As of October 2019, we have identified over 330 fintech solutions operating across the 22 countries of the Arab world, and we are still counting. Although we have identified fintech solutions across practically every country in the region, 75 percent are concentrated in a handful of countries. The Gulf countries have positioned themselves as leaders, with the United Arab Emirates (UAE) counting over 60 fintech solutions. Northern Africa follows, led by Morocco, Tunisia and Egypt, along with Levant, spearheaded by Jordan and Lebanon.
CGAP is conducting additional research in each of these markets to better understand market barriers and opportunities for financial inclusion. Bahrain is the fastest growing fintech hub, in part due to its active regulatory sandbox and recent regulation on open banking that allows third-party providers to access clients’ financial information or initiate payments on their behalf.

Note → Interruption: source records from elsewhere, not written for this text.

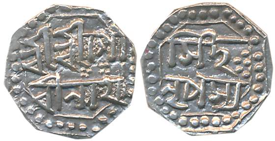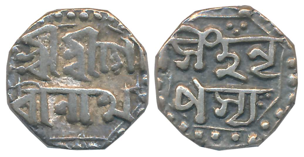 Gaurinatha Simha, Silver 1/8 Rupee, 1.45g, Assamese legend on both sides within dotted border, Obv: “Sri Sri Gau/rinatha”, Arcs of dots centre bottom, Rev: “Simha/ Nrpasya”, 4 dots center of right, Possibly die of 1/16th Rupee in error (Unlisted in R&B). Very fine.
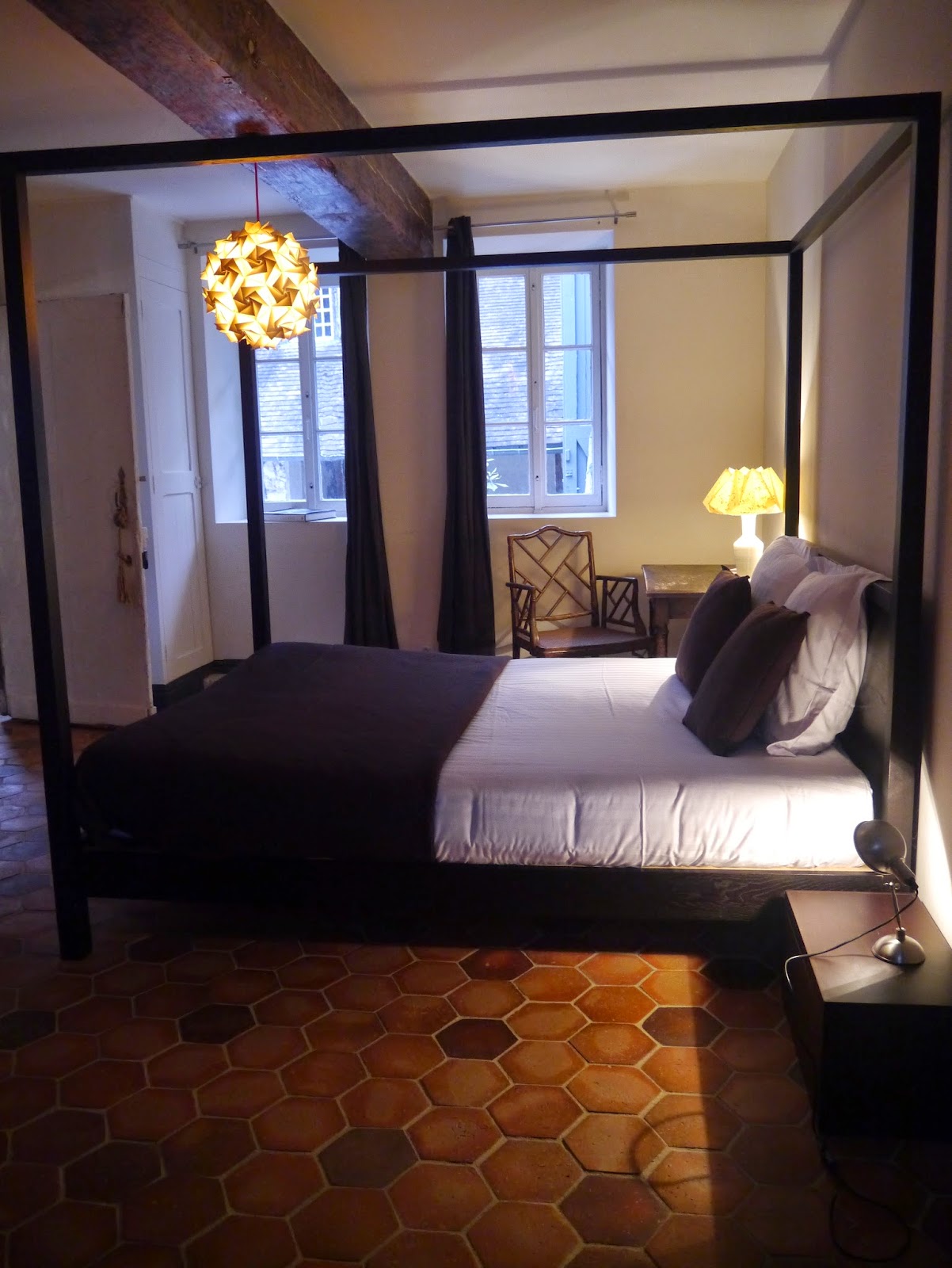Et enfin la Chine : pour son nom, une criante invitation au voyage, son lit à baldaquin annonciateur de romantisme, ses poutres en bois, ses tommettes, son mobilier de style colonial et moderne et sa vue sur le patio qui m’avait hypnotisée à l’arrivée.
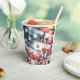 Great monogram paper cups. The front and back of these special cups are festive red, white, and blue (a decorative representation of some of the American symbols). Use the template to customize. Add your desired monogram or initial.
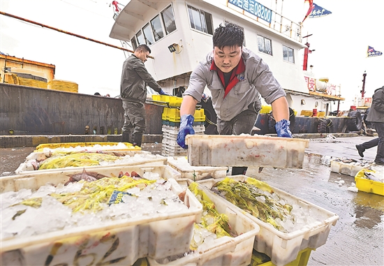 近日,国家级六大中心渔港之一的启东吕四渔港码头一片热闹景象,渔民们忙着卸运、分类处理刚刚到港的多种新鲜海产品。新华社记者 季春鹏 摄

Who are the fintech innovators?
Most of the solutions are offered by independent providers. With over 20 fintech solutions hitting the market every year since 2013, many are offered by relatively new firms. Some are still in need of early-stage financing, while others are already looking for large investments. According ArabNet’s latest State of Digital Investment in MENA report, the number and average value of tech-related investments doubled between 2013 and 2018. MAGNiTT and ADGM’s latest MENA Fintech Venture Report confirms that fintech is the most active industry for startup investments, with $237 million and 181 deals from 2015 to 2019. Fintech accounted for 17 percent of deals closed during the first half of 2019 alone.
Which fintech solutions are reaching the market?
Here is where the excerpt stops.